Unfortunately, none of this addresses a basic underlying problem: We continue to use the weight of narcotics as a proxy for the culpability of an individual defendant, despite this policy's utter failure. If a kingpin imports 15 kilograms of cocaine into the country and pays a trucker $400 to carry it, they both face the same potential sentence. That's because the laws peg minimum and maximum sentences to the weight of the drugs at issue rather than to the actual role and responsibility of the defendant. It's a lousy system that has produced unjust sentences for too many low-level offenders, created racial disparities and crowded our prisons.

We should have learned our lesson about this from Al Capone, who thrived during a previous era of prohibition and violence. He didn't drive a beer truck or stand guard over the whiskey, and that made him hard to prosecute. Yet we haven't changed the structure of the laws even now to properly prioritize the incarceration of those most responsible for drug trafficking. Instead, weight-based statutes and sentencing guidelines allow law enforcement to arrest mules and street dealers and claim they are kingpins.
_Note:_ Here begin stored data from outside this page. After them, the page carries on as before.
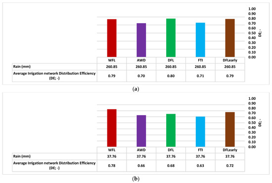 | DE | Distribution Efficiency of the irrigation network (-). |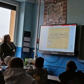 13 listopada 2024 r. nasza szkoła miała przyjemność gościć panią Emilię Pobochę z Pedagogicznej Biblioteki Wojewódzkiej w Kielcach, która przeprowadziła warsztaty o historii pisma i książki dla uczniów klasy VI a i VI b.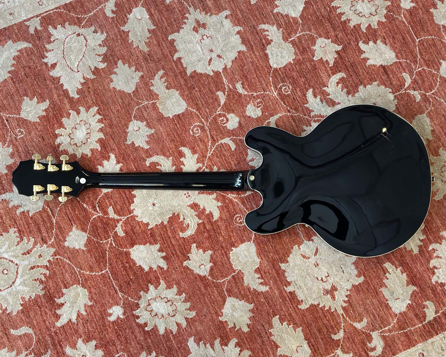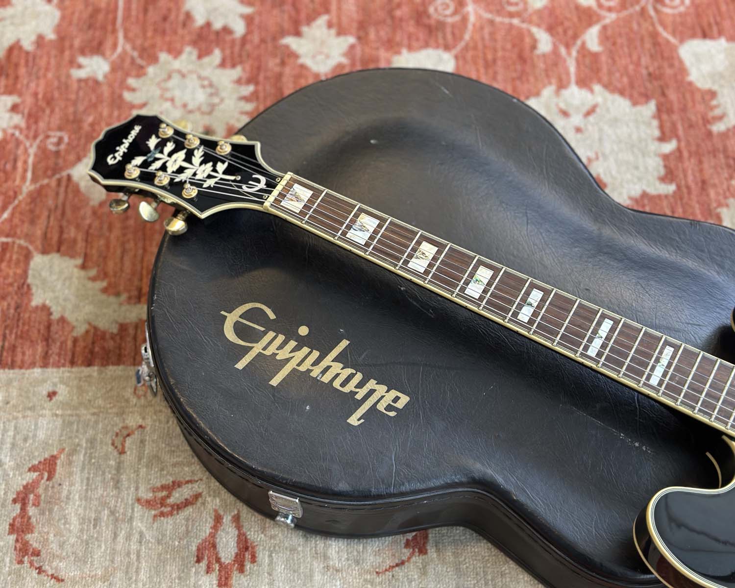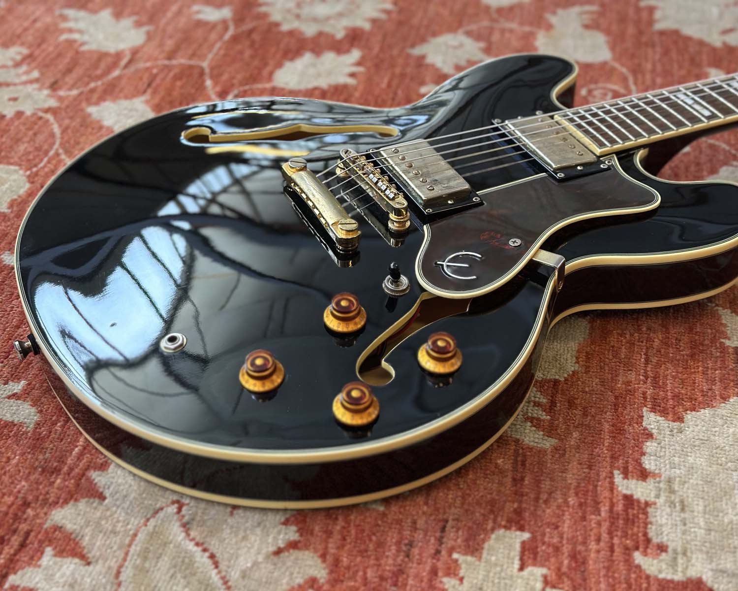 The Sheraton II carries Epiphone’s long tradition of semi-hollow elegance, first introduced in the late 1950s as a high-end sibling to the Casino. Features laminated maple body with a solid centre block for feedback resistance, multi-ply binding, gold hardware and nice block/triangle inlays. Outfitted with Epiphone’s Alnico Classic humbuckers, it delivers warm, jazzy cleans and gritty blues drive, a favourite for players chasing tones in the vein of John Lee Hooker, Noel Gallagher and Brian Aubert of Silversun Pickups.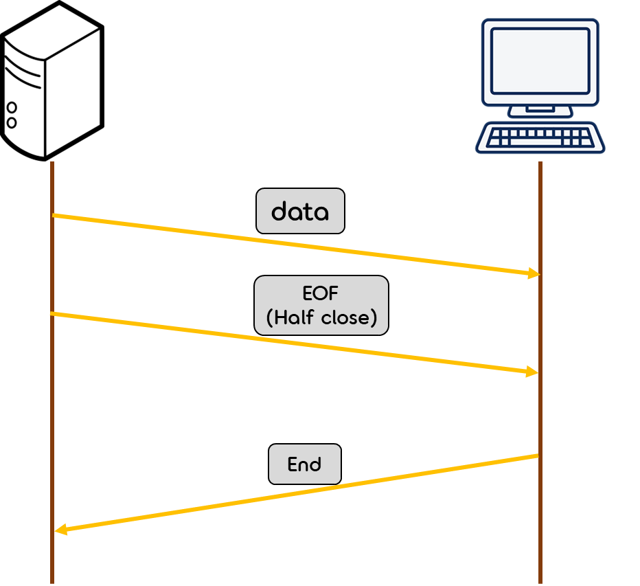 굳이 써야 할까? 그냥 모두 송/수신될 때까지 기다리는 방법은 잘못된 걸까? 여유가 있는 상황이라면 그래도 괜찮다. 하지만 데이터를 보낸 후 "End"라는 메시지를 보내야만 하고, 바로 연결을 종료해야 한다고 가정하면, Half-Close가 필요하다.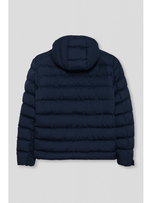 Diseño de manga larga con capucha integrada y cierre de cremallera frontal. Presenta bolsillos laterales con cremallera y acabado acolchado horizontal que asegura confort y estilo urbano.

Some laws create remarkably low thresholds for the highest penalties. For example, my home state of Minnesota categorizes someone who sells just 10 grams of powder cocaine (the equivalent of 10 sugar packets) as guilty of a first-degree controlled-substance crime, the most serious of five felony categories. There is no real differentiation between the most culpable wholesaler and an occasional street dealer.
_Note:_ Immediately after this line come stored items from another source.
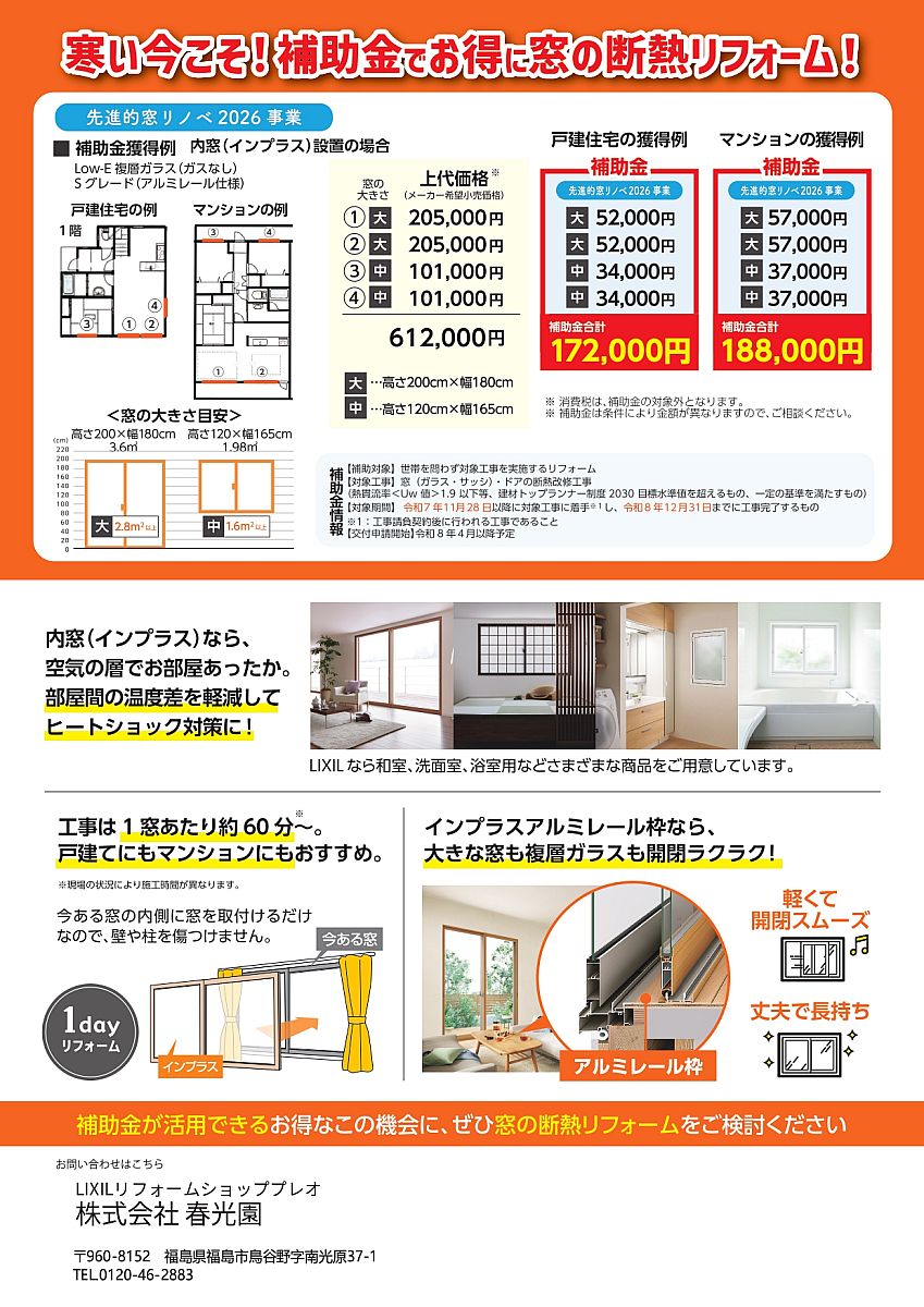 - 2026.01.27(火) これからの寒い冬に『窓リフォーム』で節電対策しませんか?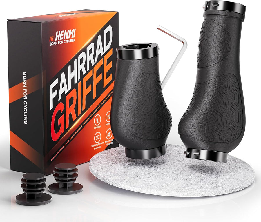 - 【Perfekter Halt 】Dank speziell konzipierter comfort grip design, die HENMI fahrrad griffe nicht nur hervorragende rutschfestigkeit gewährleistet,sondern auch bei Nässe oder Schweiß vollen Halt bietet. Entspannte Fahrten frei von Schmerz & Taubheit!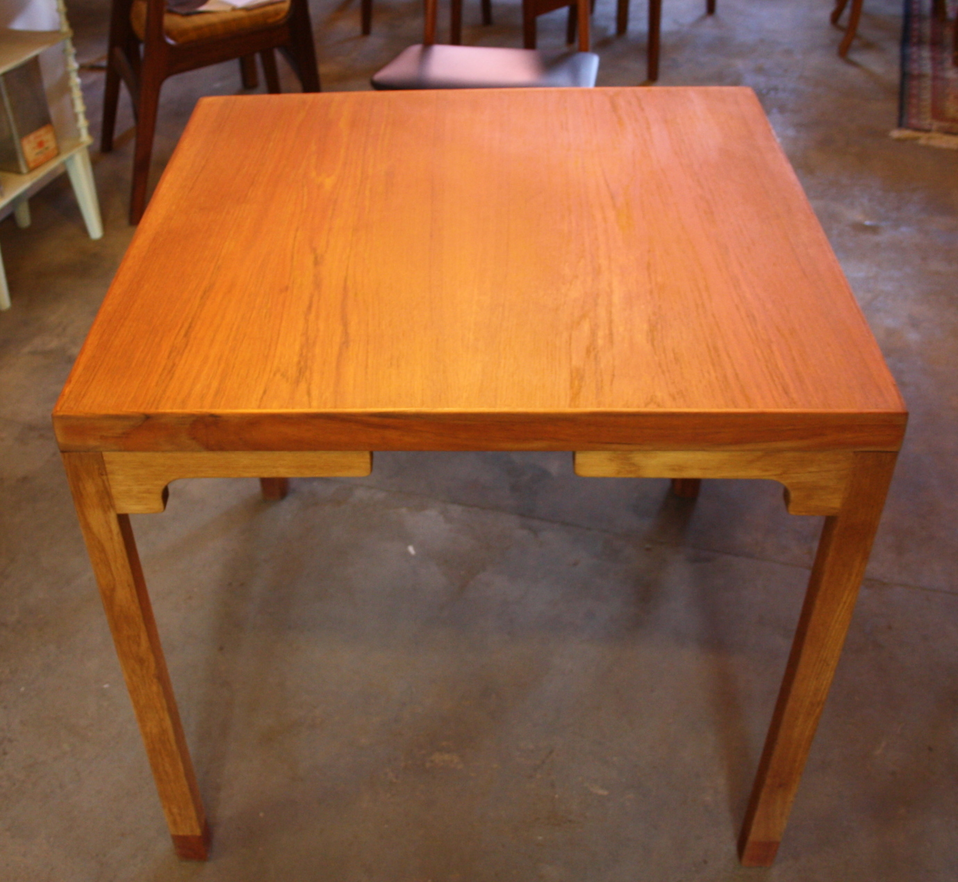 Hans Jørgen Wegner, kvadratisk spisebord teak finer plade. Stellet er i massivt eg med teaksko. 80 x 80 cm. Flot stand. Højde 73,5 cm. Pris: SOLGT

The problem with recent legal reforms is that they don't dispose of this rotten infrastructure. In 2010, Congress passed the Fair Sentencing Act, which changed the ratio between crack and powder cocaine for sentencing purposes from 100-to-1 (meaning the same sentence applied to 100 grams of powder cocaine and to 1 gram of crack) to 18-to-1.

What the Fair Sentencing Act didn't do is change the basic weight-centric focus that has filled our prisons with narcotics convicts. There were 4,749 such prisoners serving federal time in 1980, before the harshest weight-based standards were implemented. As of 2013, that number was 100,026. As for the drugs themselves, they're still here.
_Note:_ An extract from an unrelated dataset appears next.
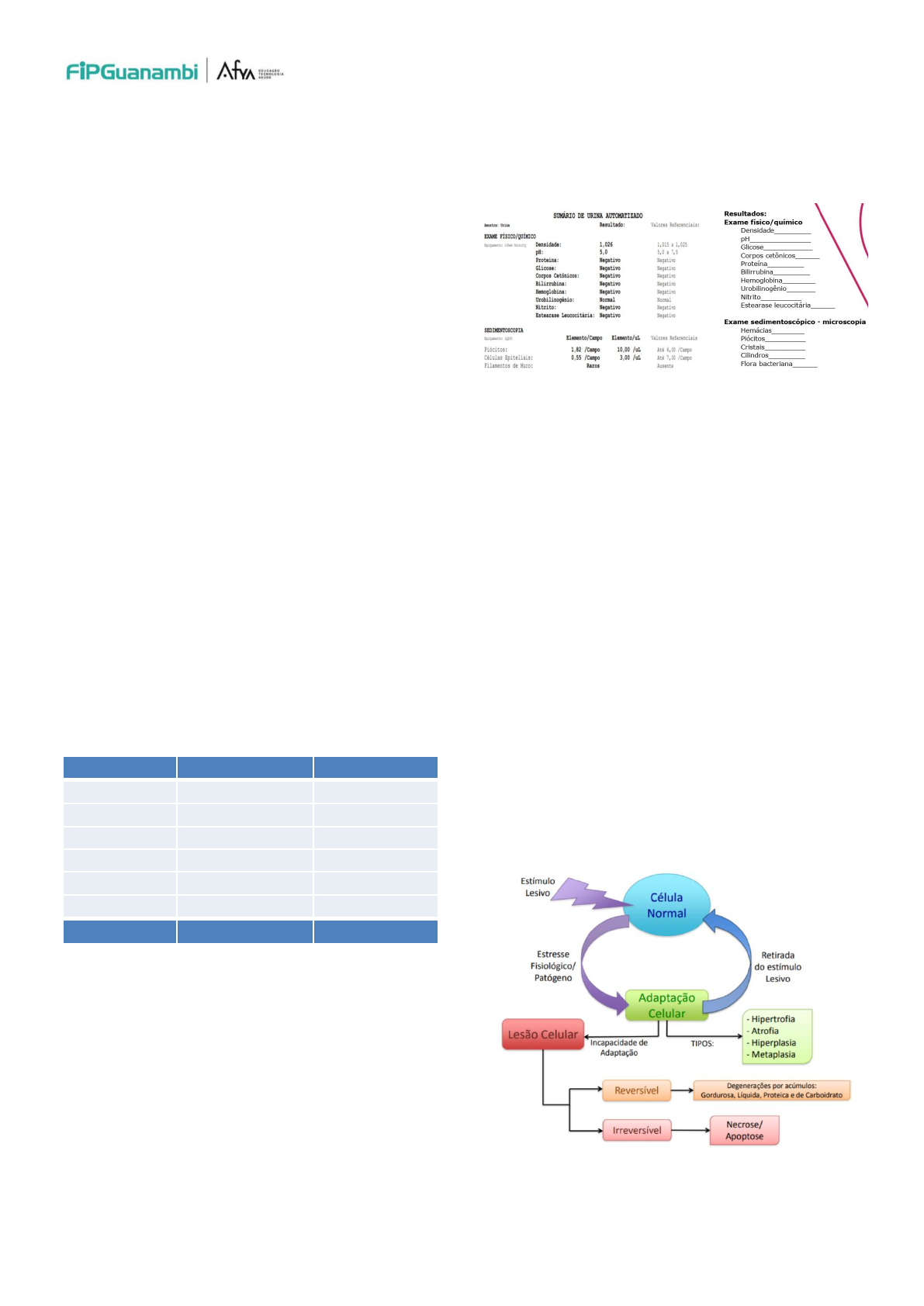 Cecília Gabrielle Lima Matos - 3º PERÍODO Laboratório de Farmacologia 1- Paciente, sexo masculino, 70 anos, comparece na unidade de saúde e refere pressão elevada. Sem outras queixas. AP: Tabagista ativo (55 maços/ano). Medicamentos em uso: nenhum. História familiar: nega. Exame físico: peso 75kg, altura 1,70m, IMC: 26, PA: 160/90mmHg (2 aferições), FC: 70 bpm. Quais exames laboratoriais devem ser solicitados? Ureia, creatinina sérica e ácido úrico -> avaliar função renal. Perfil lipídico (triglicérides, HDL, LDL, colesterol total) -> obesidade é fator de risco para HAS, pois placas de gordura podem enrijecer as artérias e aumentar a pressão. Glicemia -> diabetes é fator de risco para HAS. Se sobrepeso ou obeso, incluir hemoglobina glicada ou teste oral de tolerância à glicose. Urina tipo I ou Urinálise (EAS) -> avaliar se há glicosúria, proteinúria, parâmetros físicos, químicos e sedimentoscopia. ECG de repouso ->não é obrigatório nesse caso por não haver sintomas como palpitações, FC alterada ou histórico familiar de HAS. Mensuração de sódio e potássio séricos -> são eletrólitos secretados no rim que ajudam avaliar a função renal. Qual a relação da ureia e creatinina em um paciente com HAS descontrolada? Avaliação da função renal do paciente, afinal, se estão altos podem ser indicativos de um desequilíbrio. 2- Homem, 58 anos, relata história familiar para doença arterial coronariana. Tabagista, uso social de álcool. Apresentou os seguintes exames após jejum de 12 horas. Esse paciente é diabético? Existe alguma relação entre diabetes e HAS? Sim. Existe relação por ser fator de risco. Calcule o resultado do LDL-c. A fórmula de Friedewald serve para mensurar o colesterol LDL: LDL = (CT - HDL) - (TG/5) Nesse caso... LDL= (290-35) - (350/5) = 185mg/dL (elevado) Quais as principais fatores de risco adicionais, para Hipertensão Arterial, que esse paciente apresenta? Tabagismo, Elitismo, diabetes, obesidade e histórico familiar. Qual o provável aspecto do soro desse paciente? Mais concentrado, amarelado. Podemos afirmar que o paciente apresenta dislipidemia analisando isoladamente o resultado do IMC? Explique. Não. O IMC não mede se o paciente tem mais tecido adiposo ou muscular. Então não dá para concluir apenas com esse dado. 3- Resultados: Exame físico/químico Densidade - alterada pH - alterado (ex: proteína acidifica a urina) Glicose - alterado Corpos Cetônicos - se for diabético estará alterado Proteína - alterado Bilirrubina - normal Hemoglobina - normal Urobilinogênio - normal Nitrito - normal Estearase leucocitária - normal Exame sedimentoscópico Hemácias - normal Piócitos (leucócitos) - normal Cristais - alterado (avaliam função renal) Cilindros - alterado (avaliam função renal) Flora bacteriana - normal (fica alterado em casos de contaminação da amostra) Laboratório de Patologia MECANISMOS DE ADAPTAÇÃO CELULAR Toda célula normal, ao receber um estímulo lesivo (seja por um estresse fisiológico ou um patógeno) deve passar pelo processo de adaptação celular. Quando ela possui uma incapacidade de adaptação, ela sofre uma lesão celular que pode ser reversível ou irreversível, levando à necrose/apoptose. Marcador Resultado VR Glicose 155 mg/dL 60-90 Colesterol Total 290mg/dL <200 HDL-c 35mg/dL >40 LDL-c ? <130 Triglicerídeos 350mg/dL <150 IMC 43,2Kg/m2 <30 PA 160/100mmHg 110/70 Cecília Gabrielle Lima Matos - 3º PERÍODO Quando ela consegue de adaptar a esse novo estímulo, ela pode partir para 4 mecanismos: hipertrofia, atrofia, hiperplasia ou metaplasia. RELEMBRANDO.... Crescimento celular: Diferenciação celular: Aspectos do comportamento das células normais Células lábeis -> são aquelas que se renovam com facilidade e rapidez. São exemplos as células das superfícies de revestimento. Células estáveis -> são aquelas que possuem renovação lenta e proliferação rápida. A capacidade de replicação dos núcleos dessas células permanece em descanso na maior parte do tempo, mas isso muda rapidamente quando se recebe um estímulo adequado. São exemplos os hematócitos, as células dos túbulos renais e os fibroblastos. Células permanentes -> são aquelas que possuem lesão irreversível. Seus núcleos não possuem mais a capacidade de reiniciar o processo replicativo e uma vez perdida essa capacidade, essas células não são mais substituídas. São exemplos os neurônios e os cardiomiócitos. Regulação do crescimento As células devem estar em homeostase de modo que não pode haver uma desregulação em seu crescimento nem em sua morte, ou seja, deve haver um equilíbrio entre as células que se originam e as que sofrem apoptose. Afinal, caso haja um crescimento exacerbado, pode dar origem a uma neoplasia. E caso haja uma relevante quantidade de células morrendo, pode gerar um dano no órgão em questão. ALTERAÇÃO DO VOLUME CELULAR Hipertrofia Se refere a um aumento do tamanho e volume das células, resultando em um aumento no tamanho do órgão. Pode ser de dois tipos: Fisiológica -> Ex: hipertrofia do útero gravídico. Patológica -> Ex: Neoplasias. Temos como causas da hipertrofia o aumento da demanda funcional e estímulos hormonais. Hipoatrofia ou Atrofia Redução do tamanho das células devido a perda de substância celular. Pode ser de dois tipos: Fisiológica -> Ex: diminuição no tamanho do órgão por desuso. Comum nos rins (casos de hipoatrofia renal por estenose arterial). Vale lembrar que esse órgão não necessariamente perde a função. Patológica -> Ex: Neoplasias. Temos como causas da atrofia a diminuição do suprimento sanguíneo, diminuição da carga, perda da inervação ou desnutrição. ALTERAÇÃO DO CRESCIMENTO CELULAR Hiperplasia Se refere a um aumento do número de células de um órgão ou tecido, resultando em um aumento no tamanho do órgão (volume). Pode ser de dois tipos: Cecília Gabrielle Lima Matos - 3º PERÍODO Fisi

The law compounds this problem by considering all members of a supposed conspiracy to be equally responsible. Imagine a group of four people who agree to buy and distribute methamphetamine pills from Mexico. The leader knows how to get the methamphetamine wholesale, and has the capital to buy it. He arranges with one friend to smuggle it into the country and two others to sell it at a profit. The leader will get 80 percent of the profit, the smuggler will get 10 percent and each seller will get 5 percent. If they are caught, it is likely they will all face the same sentence, despite their very different roles.

A better measure of culpability would be the amount of profit that any individual took from the operation of a narcotics ring. Because narcotics conspiracies are nothing more or less than a business, they operate like any other business. The people who have the most important skills, capital at risk or entrepreneurial abilities take the most money. Statutes and guidelines should be rewritten so that profit thresholds replace narcotic weight thresholds. Only then will mules and street sellers properly face much shorter sentences than real kingpins.

This would create a new challenge for prosecutors and investigators, who would have to prove the amount of profit made by an individual defendant. It wouldn't be as easy as snatching up mules and street dealers. But then "easy" and "justice" rarely rest comfortably with each other.